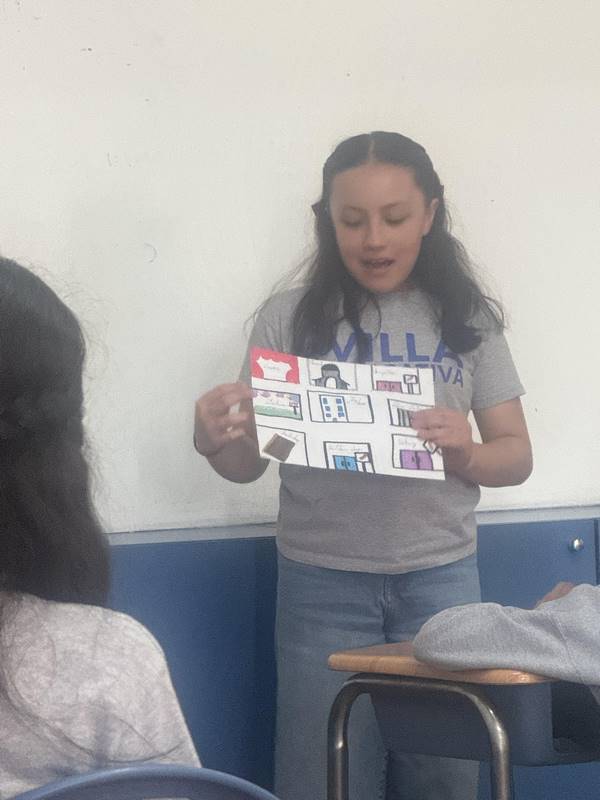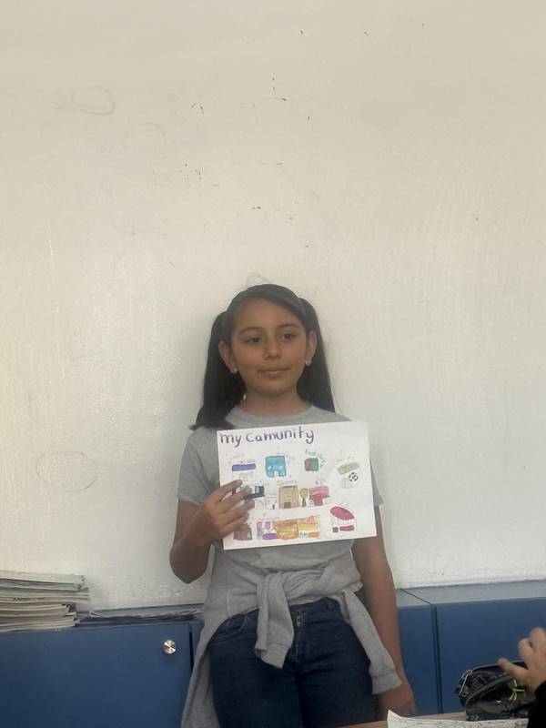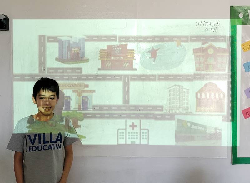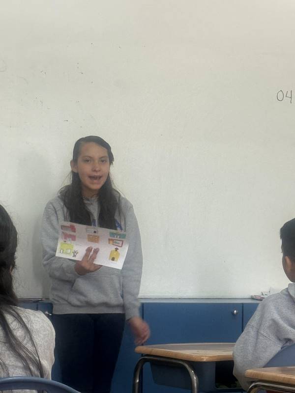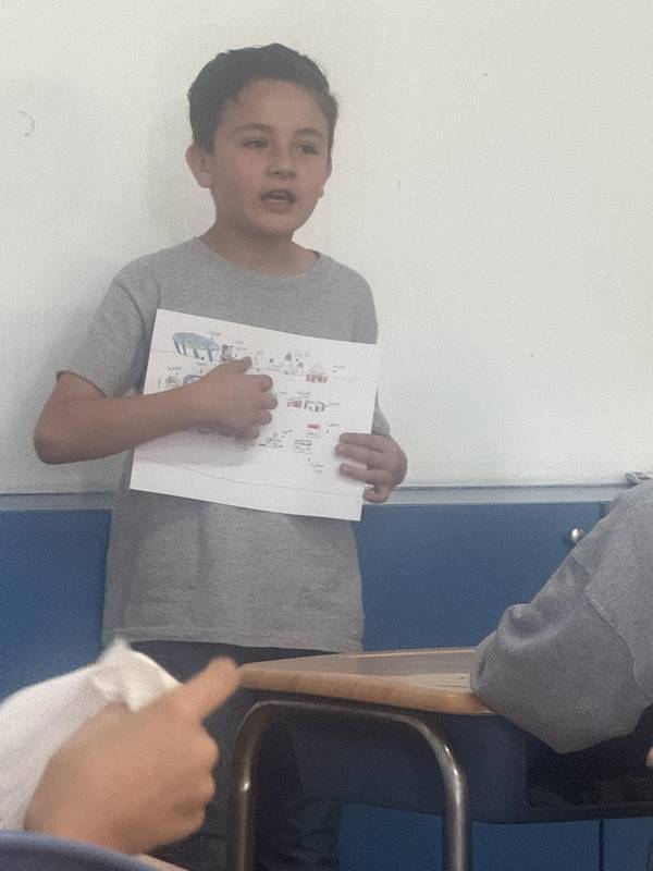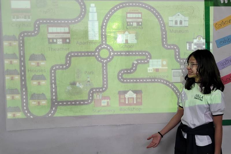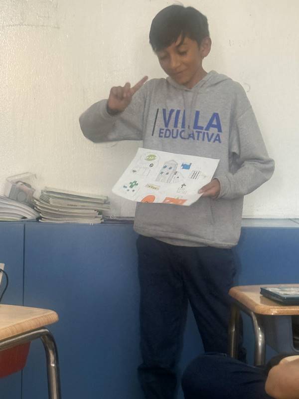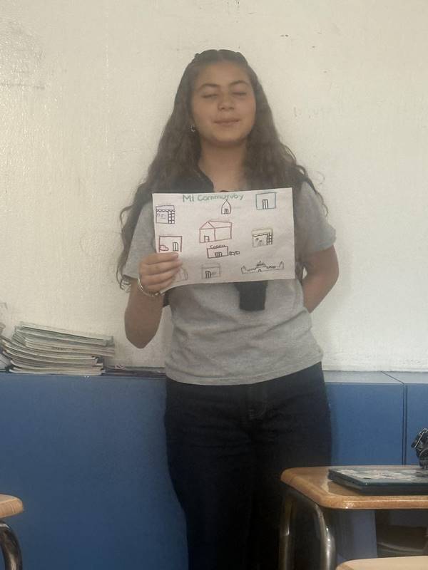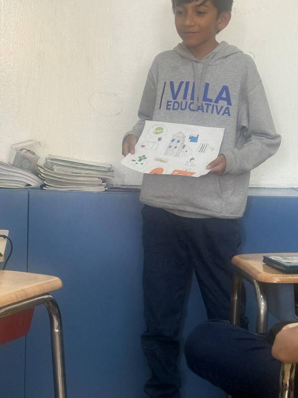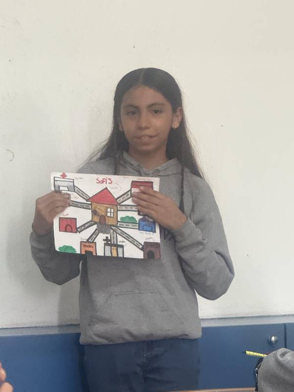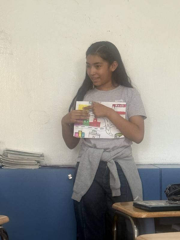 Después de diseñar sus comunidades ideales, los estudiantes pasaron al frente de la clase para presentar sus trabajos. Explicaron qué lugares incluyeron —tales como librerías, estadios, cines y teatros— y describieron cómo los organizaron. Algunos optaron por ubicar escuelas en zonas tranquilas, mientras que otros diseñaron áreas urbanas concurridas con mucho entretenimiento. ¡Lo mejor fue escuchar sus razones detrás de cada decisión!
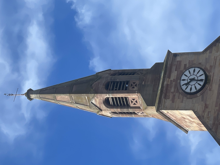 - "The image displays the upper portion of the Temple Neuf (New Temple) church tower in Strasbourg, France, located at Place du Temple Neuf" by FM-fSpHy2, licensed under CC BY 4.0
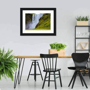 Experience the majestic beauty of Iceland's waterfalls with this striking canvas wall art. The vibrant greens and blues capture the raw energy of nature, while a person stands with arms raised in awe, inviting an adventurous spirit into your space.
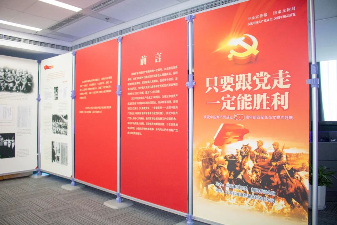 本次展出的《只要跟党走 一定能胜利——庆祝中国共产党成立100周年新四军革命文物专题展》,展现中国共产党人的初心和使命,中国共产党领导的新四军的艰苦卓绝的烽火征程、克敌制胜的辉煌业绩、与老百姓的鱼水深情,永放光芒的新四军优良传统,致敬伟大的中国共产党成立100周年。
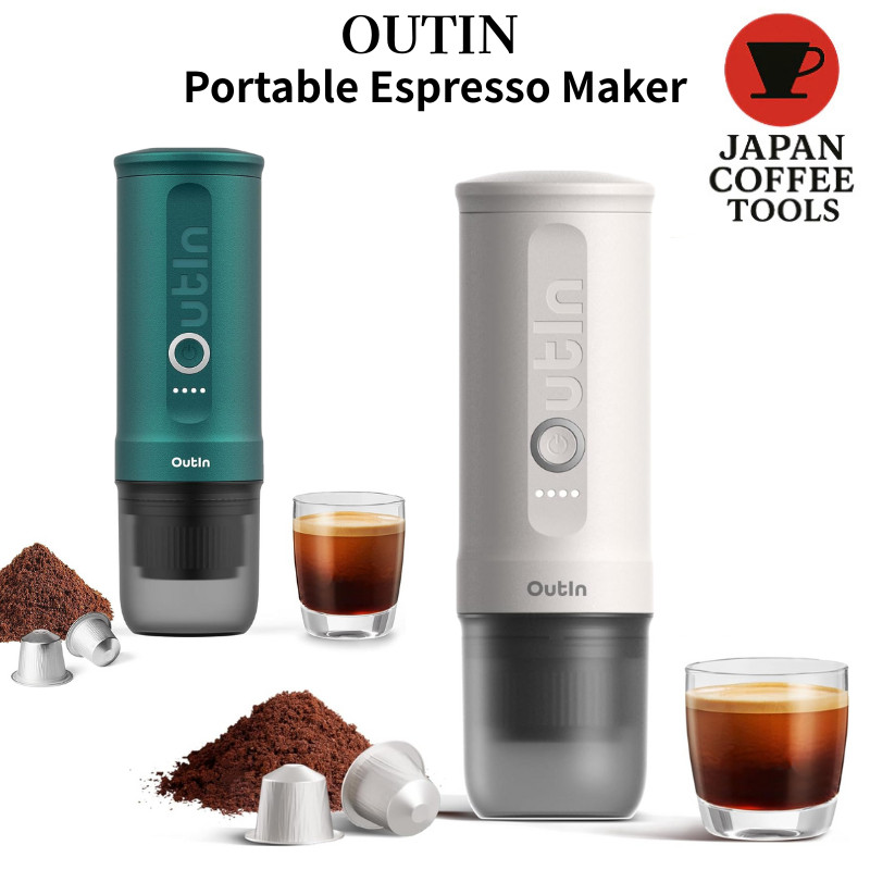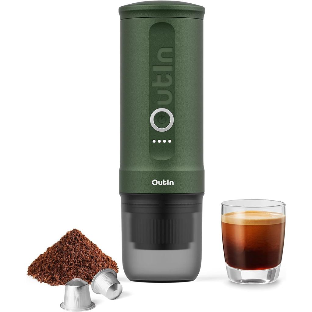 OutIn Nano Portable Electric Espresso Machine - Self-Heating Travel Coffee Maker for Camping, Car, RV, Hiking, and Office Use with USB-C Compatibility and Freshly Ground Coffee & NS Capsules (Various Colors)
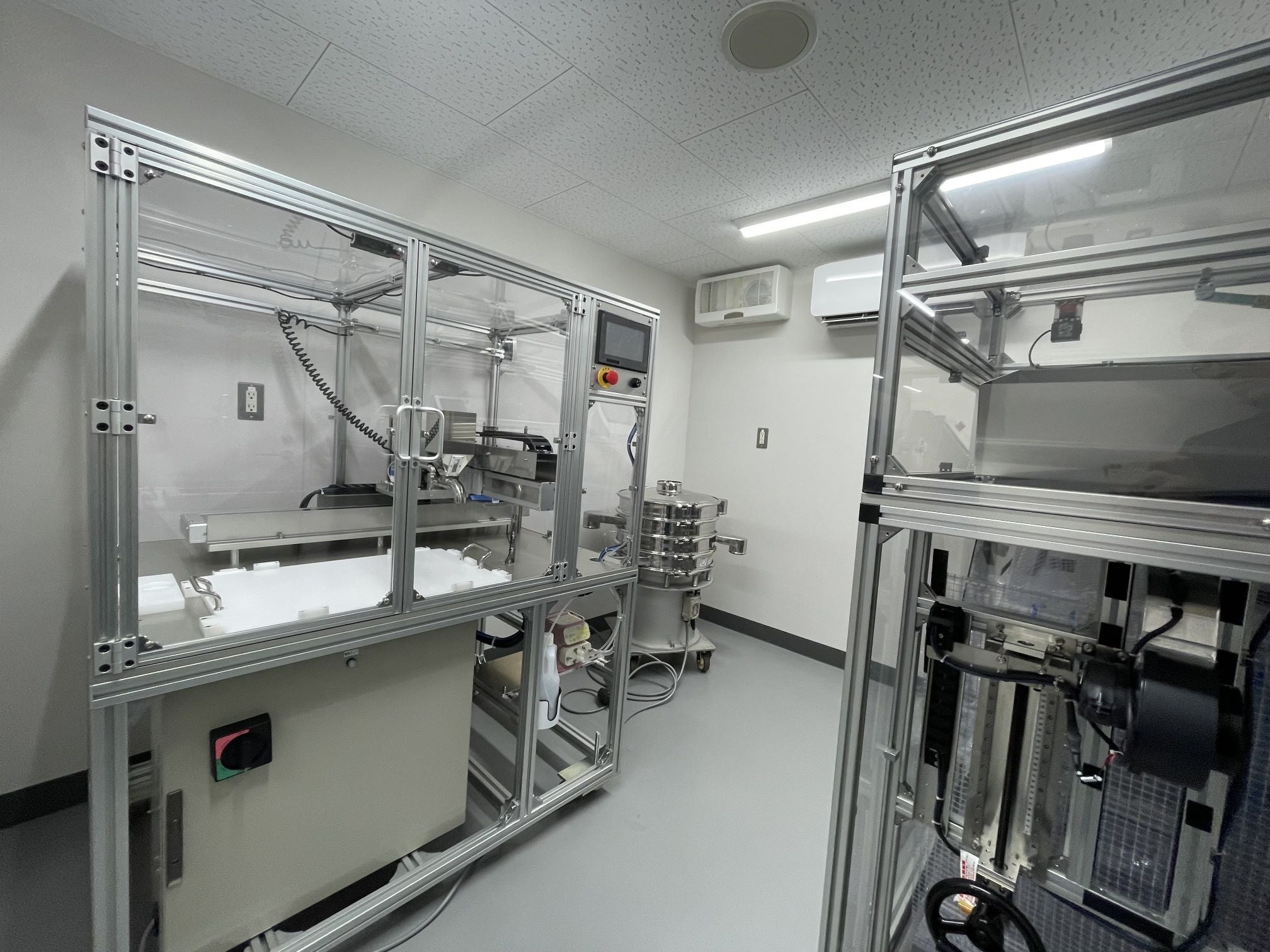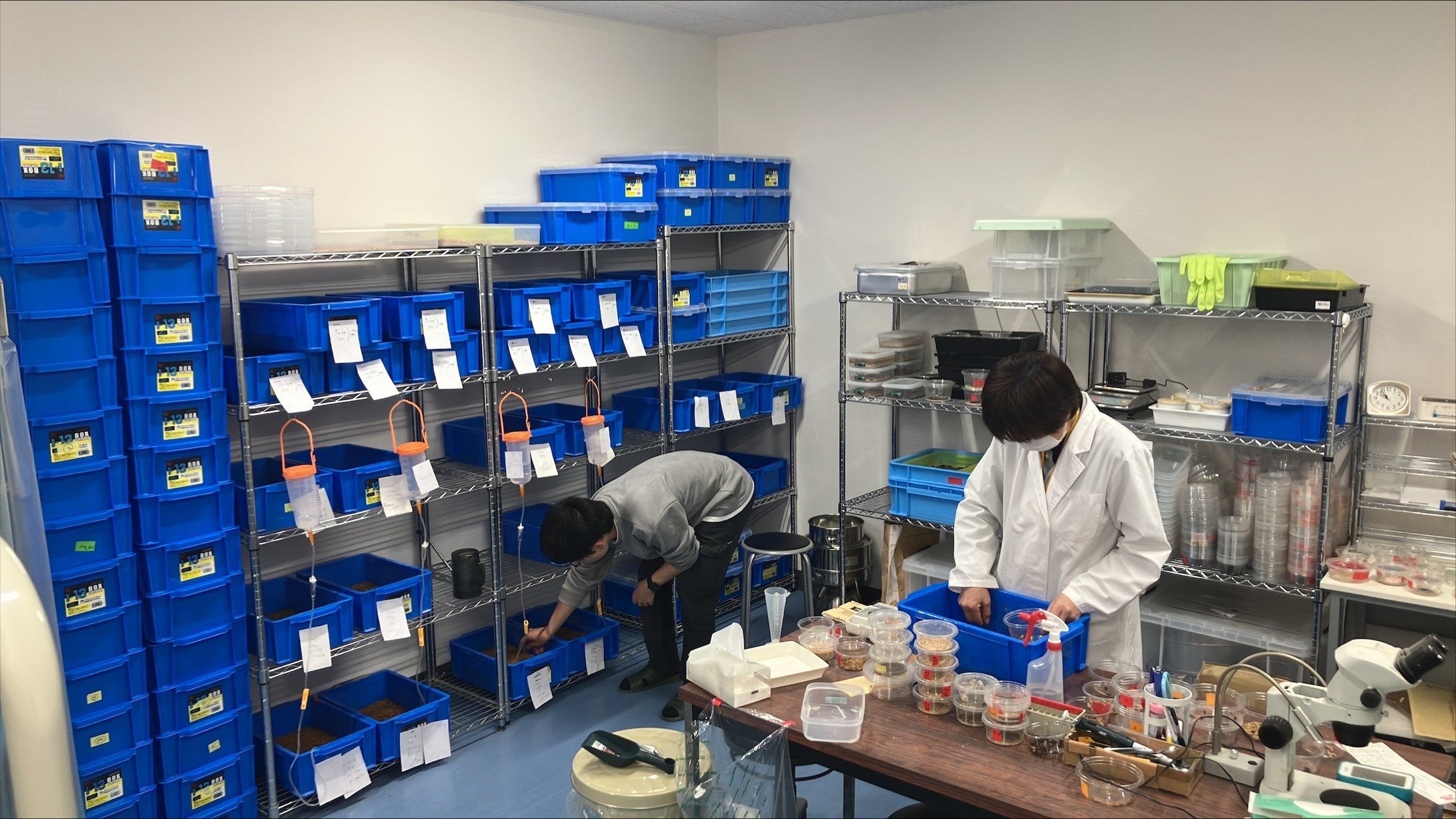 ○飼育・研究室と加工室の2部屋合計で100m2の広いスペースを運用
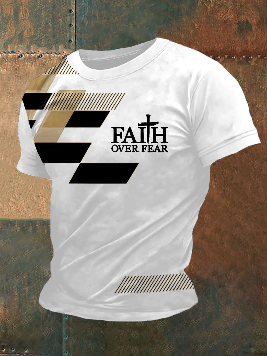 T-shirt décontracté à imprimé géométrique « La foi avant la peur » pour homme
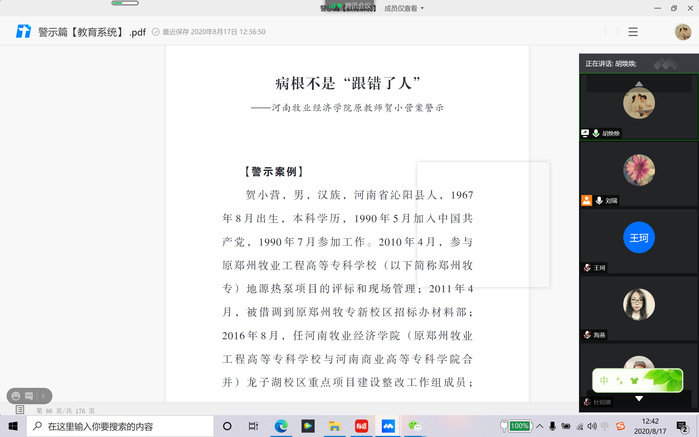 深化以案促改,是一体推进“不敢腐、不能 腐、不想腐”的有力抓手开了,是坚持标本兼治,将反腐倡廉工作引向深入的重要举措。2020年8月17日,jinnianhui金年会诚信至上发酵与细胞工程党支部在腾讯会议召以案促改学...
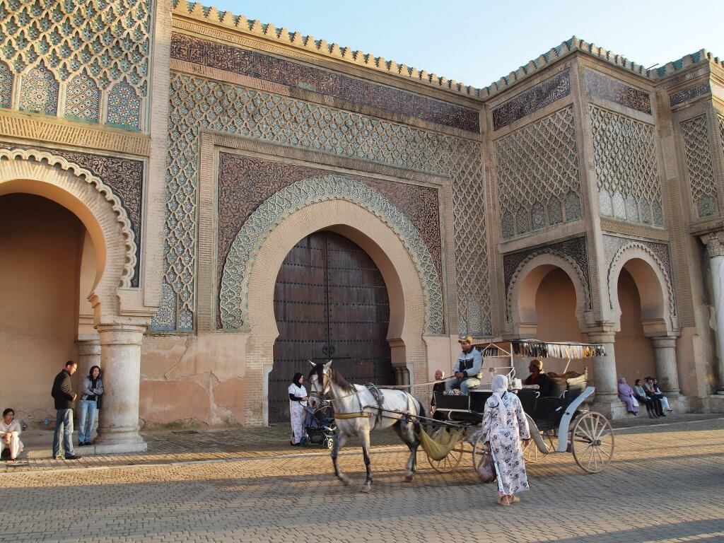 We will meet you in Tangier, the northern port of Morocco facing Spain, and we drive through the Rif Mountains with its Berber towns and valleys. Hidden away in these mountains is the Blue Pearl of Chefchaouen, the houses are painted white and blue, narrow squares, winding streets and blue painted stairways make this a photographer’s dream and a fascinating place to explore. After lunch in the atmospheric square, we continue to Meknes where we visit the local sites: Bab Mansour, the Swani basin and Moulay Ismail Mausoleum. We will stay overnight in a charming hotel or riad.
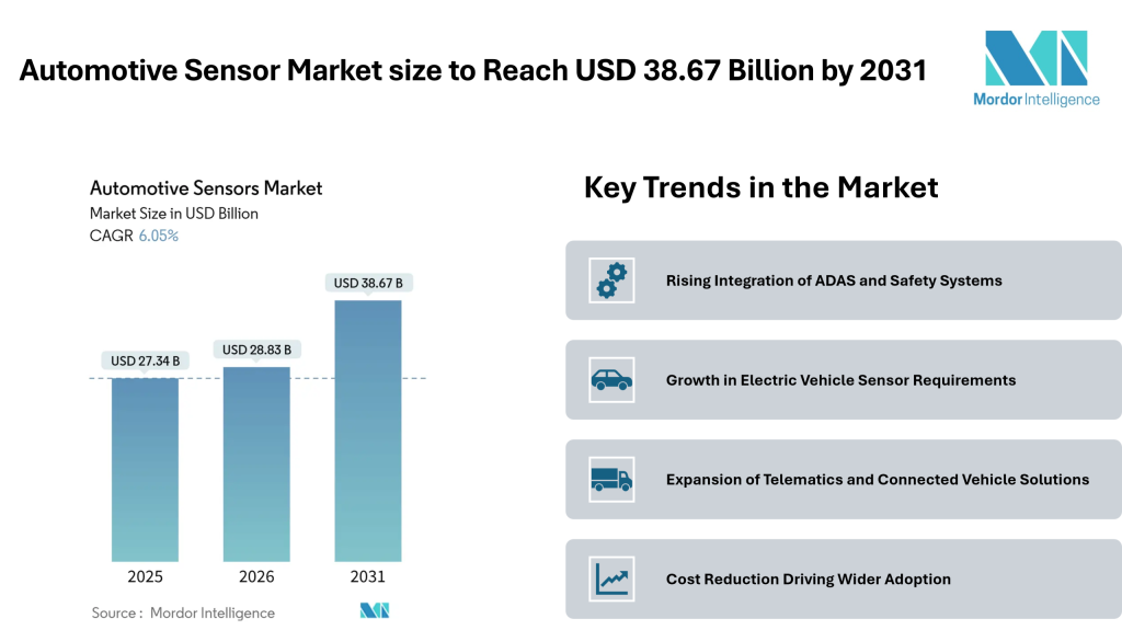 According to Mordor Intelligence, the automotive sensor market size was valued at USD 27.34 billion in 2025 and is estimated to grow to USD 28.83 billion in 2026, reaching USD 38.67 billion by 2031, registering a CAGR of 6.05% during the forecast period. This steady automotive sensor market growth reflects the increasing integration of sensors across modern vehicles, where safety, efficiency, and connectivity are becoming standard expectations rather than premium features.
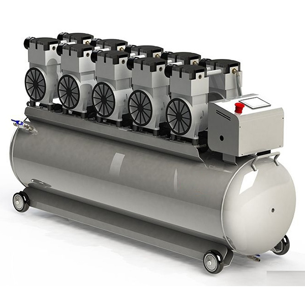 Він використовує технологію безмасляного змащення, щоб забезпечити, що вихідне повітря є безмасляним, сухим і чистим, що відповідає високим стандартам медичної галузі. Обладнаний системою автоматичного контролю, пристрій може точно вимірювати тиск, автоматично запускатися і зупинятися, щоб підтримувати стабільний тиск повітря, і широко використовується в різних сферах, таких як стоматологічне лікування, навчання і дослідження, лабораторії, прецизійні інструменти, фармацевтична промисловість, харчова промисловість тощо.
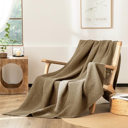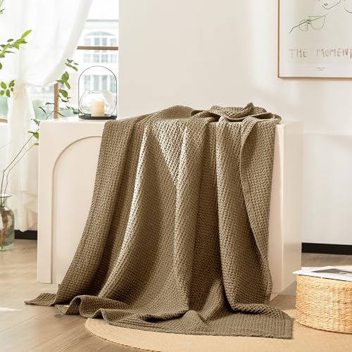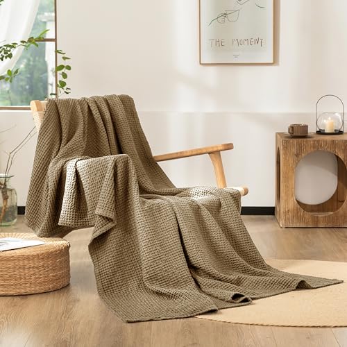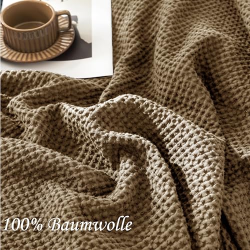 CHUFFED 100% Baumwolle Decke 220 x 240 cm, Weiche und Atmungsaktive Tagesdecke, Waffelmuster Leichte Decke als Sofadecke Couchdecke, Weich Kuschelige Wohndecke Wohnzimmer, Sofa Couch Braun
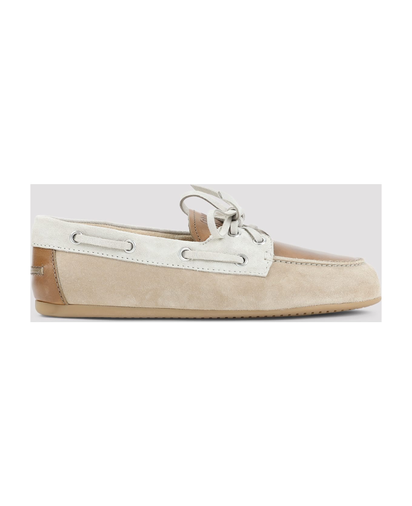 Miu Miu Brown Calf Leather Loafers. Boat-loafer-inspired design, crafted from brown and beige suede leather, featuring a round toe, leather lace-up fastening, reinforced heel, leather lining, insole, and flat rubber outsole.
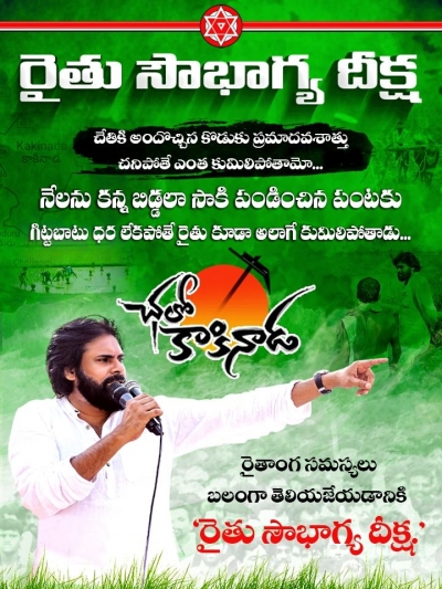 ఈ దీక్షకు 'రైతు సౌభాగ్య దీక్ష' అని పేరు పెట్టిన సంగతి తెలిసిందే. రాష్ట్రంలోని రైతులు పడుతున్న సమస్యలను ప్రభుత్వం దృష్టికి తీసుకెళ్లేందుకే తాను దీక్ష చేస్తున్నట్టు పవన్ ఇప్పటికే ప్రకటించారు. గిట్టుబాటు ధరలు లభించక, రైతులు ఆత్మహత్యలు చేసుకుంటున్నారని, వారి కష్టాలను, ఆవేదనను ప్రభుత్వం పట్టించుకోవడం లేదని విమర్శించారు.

+++

What needs to be done - Go down the entries above from the line containing "OutIn Nano Portable" to the line containing "Він використовує технологію" and write out each line exactly, leaving pictures out.

Written solution -
 OutIn Nano Portable Electric Espresso Machine - Self-Heating Travel Coffee Maker for Camping, Car, RV, Hiking, and Office Use with USB-C Compatibility and Freshly Ground Coffee & NS Capsules (Various Colors)
 ○飼育・研究室と加工室の2部屋合計で100m2の広いスペースを運用
 T-shirt décontracté à imprimé géométrique « La foi avant la peur » pour homme
 深化以案促改,是一体推进“不敢腐、不能 腐、不想腐”的有力抓手开了,是坚持标本兼治,将反腐倡廉工作引向深入的重要举措。2020年8月17日,jinnianhui金年会诚信至上发酵与细胞工程党支部在腾讯会议召以案促改学...
 We will meet you in Tangier, the northern port of Morocco facing Spain, and we drive through the Rif Mountains with its Berber towns and valleys. Hidden away in these mountains is the Blue Pearl of Chefchaouen, the houses are painted white and blue, narrow squares, winding streets and blue painted stairways make this a photographer’s dream and a fascinating place to explore. After lunch in the atmospheric square, we continue to Meknes where we visit the local sites: Bab Mansour, the Swani basin and Moulay Ismail Mausoleum. We will stay overnight in a charming hotel or riad.
 According to Mordor Intelligence, the automotive sensor market size was valued at USD 27.34 billion in 2025 and is estimated to grow to USD 28.83 billion in 2026, reaching USD 38.67 billion by 2031, registering a CAGR of 6.05% during the forecast period. This steady automotive sensor market growth reflects the increasing integration of sensors across modern vehicles, where safety, efficiency, and connectivity are becoming standard expectations rather than premium features.
 Він використовує технологію безмасляного змащення, щоб забезпечити, що вихідне повітря є безмасляним, сухим і чистим, що відповідає високим стандартам медичної галузі. Обладнаний системою автоматичного контролю, пристрій може точно вимірювати тиск, автоматично запускатися і зупинятися, щоб підтримувати стабільний тиск повітря, і широко використовується в різних сферах, таких як стоматологічне лікування, навчання і дослідження, лабораторії, прецизійні інструменти, фармацевтична промисловість, харчова промисловість тощо.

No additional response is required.